- **Activity**
Throughout the material below, count the lines that include the string "with", then report only the resulting number.

- **Extracted data**

»»

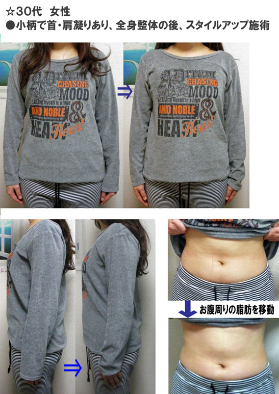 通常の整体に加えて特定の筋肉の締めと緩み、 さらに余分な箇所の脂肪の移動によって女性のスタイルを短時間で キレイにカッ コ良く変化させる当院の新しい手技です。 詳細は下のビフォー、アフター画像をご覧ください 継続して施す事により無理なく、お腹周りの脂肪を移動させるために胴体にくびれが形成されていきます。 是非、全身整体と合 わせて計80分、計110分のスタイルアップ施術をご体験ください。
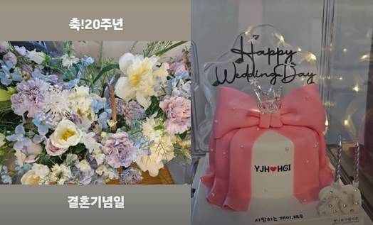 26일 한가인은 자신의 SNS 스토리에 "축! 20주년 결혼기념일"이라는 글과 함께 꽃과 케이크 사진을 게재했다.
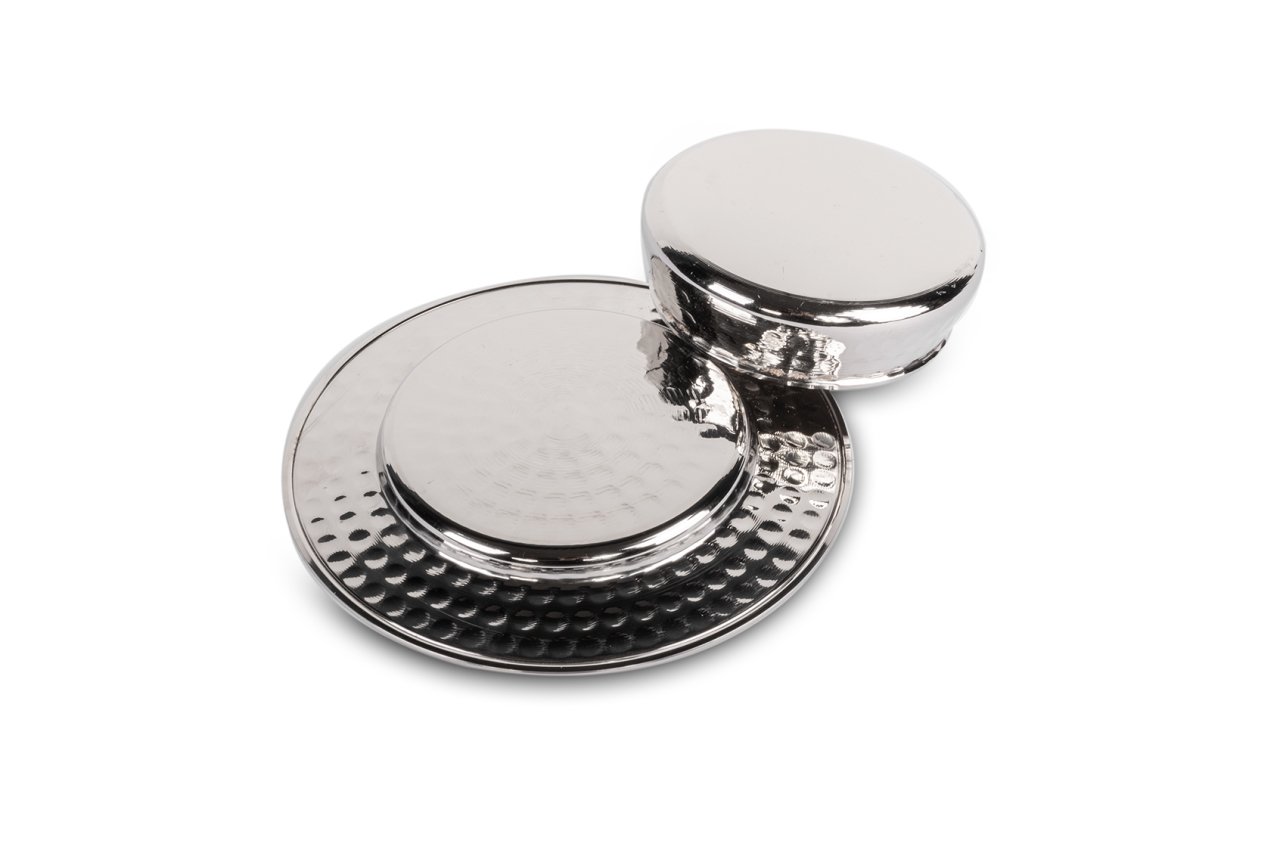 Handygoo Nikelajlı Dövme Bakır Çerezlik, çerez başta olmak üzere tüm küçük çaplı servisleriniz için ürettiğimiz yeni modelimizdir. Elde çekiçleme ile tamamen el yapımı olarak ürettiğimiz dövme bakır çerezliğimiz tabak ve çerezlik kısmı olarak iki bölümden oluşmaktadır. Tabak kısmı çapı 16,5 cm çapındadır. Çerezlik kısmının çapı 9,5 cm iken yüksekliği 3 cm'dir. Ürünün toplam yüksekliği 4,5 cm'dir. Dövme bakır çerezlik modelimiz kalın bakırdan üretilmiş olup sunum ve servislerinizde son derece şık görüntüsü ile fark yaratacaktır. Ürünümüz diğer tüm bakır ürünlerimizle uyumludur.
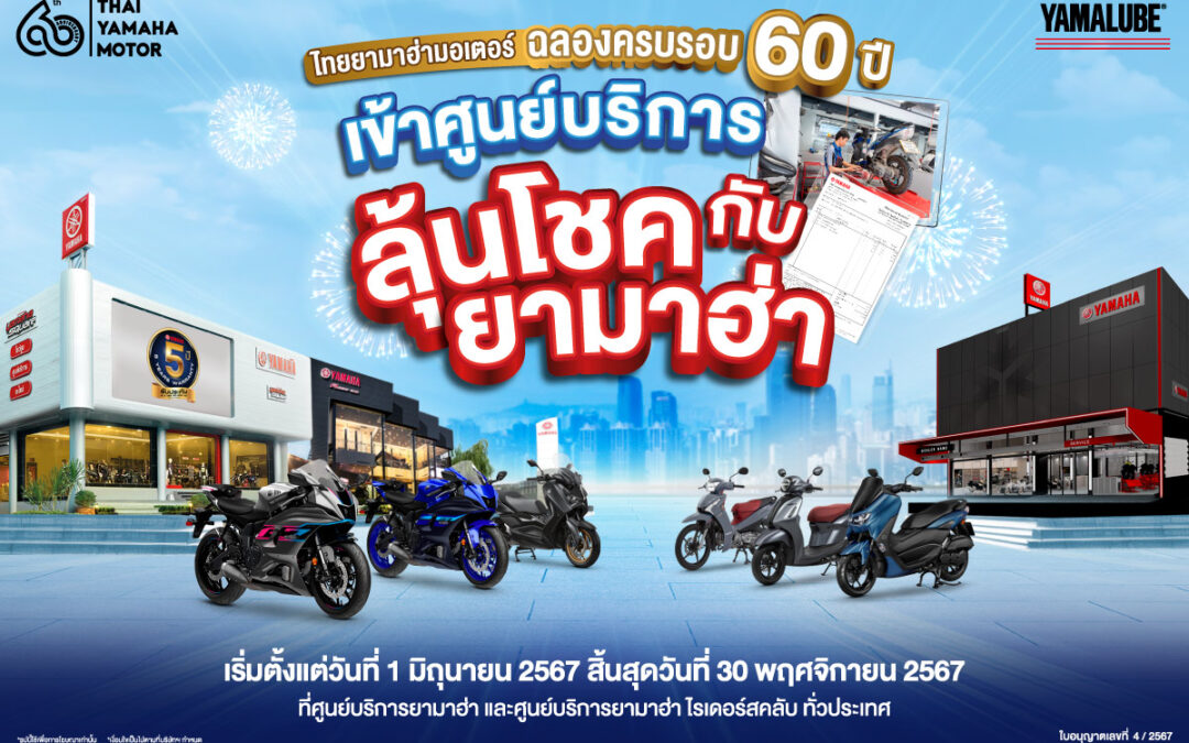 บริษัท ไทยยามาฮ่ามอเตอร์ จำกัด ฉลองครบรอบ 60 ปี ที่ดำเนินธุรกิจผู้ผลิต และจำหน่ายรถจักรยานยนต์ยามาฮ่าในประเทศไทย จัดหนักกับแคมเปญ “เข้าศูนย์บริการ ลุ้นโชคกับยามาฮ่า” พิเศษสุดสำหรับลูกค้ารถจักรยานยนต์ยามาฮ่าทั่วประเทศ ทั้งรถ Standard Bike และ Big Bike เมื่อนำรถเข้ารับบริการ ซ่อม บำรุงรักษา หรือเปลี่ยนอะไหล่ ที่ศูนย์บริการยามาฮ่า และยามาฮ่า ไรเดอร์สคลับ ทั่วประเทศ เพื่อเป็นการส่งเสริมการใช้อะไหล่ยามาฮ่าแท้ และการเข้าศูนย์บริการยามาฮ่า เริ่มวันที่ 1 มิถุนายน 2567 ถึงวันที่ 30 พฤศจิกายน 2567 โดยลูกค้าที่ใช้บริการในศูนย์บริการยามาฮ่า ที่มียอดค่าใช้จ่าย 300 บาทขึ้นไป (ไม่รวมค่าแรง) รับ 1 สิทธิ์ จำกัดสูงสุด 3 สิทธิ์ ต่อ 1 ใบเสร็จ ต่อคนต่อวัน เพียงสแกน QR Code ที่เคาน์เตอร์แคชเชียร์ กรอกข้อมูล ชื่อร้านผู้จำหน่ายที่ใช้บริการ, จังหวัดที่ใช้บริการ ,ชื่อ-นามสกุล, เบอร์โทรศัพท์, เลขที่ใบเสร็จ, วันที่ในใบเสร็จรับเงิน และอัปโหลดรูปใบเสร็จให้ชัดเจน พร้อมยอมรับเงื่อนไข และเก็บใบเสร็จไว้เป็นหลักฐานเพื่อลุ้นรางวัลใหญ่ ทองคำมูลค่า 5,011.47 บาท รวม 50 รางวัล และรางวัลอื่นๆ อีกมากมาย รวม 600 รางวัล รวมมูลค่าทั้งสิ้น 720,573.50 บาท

««
»»

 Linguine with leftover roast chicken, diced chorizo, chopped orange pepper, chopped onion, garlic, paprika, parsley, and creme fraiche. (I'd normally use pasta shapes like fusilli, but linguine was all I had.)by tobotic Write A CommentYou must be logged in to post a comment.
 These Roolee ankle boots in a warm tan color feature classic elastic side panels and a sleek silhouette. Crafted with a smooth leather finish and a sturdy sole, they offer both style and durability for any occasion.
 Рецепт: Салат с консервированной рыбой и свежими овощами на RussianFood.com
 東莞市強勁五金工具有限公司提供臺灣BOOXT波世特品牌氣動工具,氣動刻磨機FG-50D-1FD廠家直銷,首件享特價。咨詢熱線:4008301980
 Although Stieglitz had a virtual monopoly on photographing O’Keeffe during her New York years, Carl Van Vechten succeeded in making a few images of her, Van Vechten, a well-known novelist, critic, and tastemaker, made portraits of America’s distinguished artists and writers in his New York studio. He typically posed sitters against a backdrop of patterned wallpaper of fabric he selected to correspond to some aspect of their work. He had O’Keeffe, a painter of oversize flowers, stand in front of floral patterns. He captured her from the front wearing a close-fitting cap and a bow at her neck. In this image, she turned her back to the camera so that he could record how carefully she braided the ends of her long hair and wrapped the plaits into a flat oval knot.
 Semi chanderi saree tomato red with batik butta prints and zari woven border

««

- **Result for this exercise**
3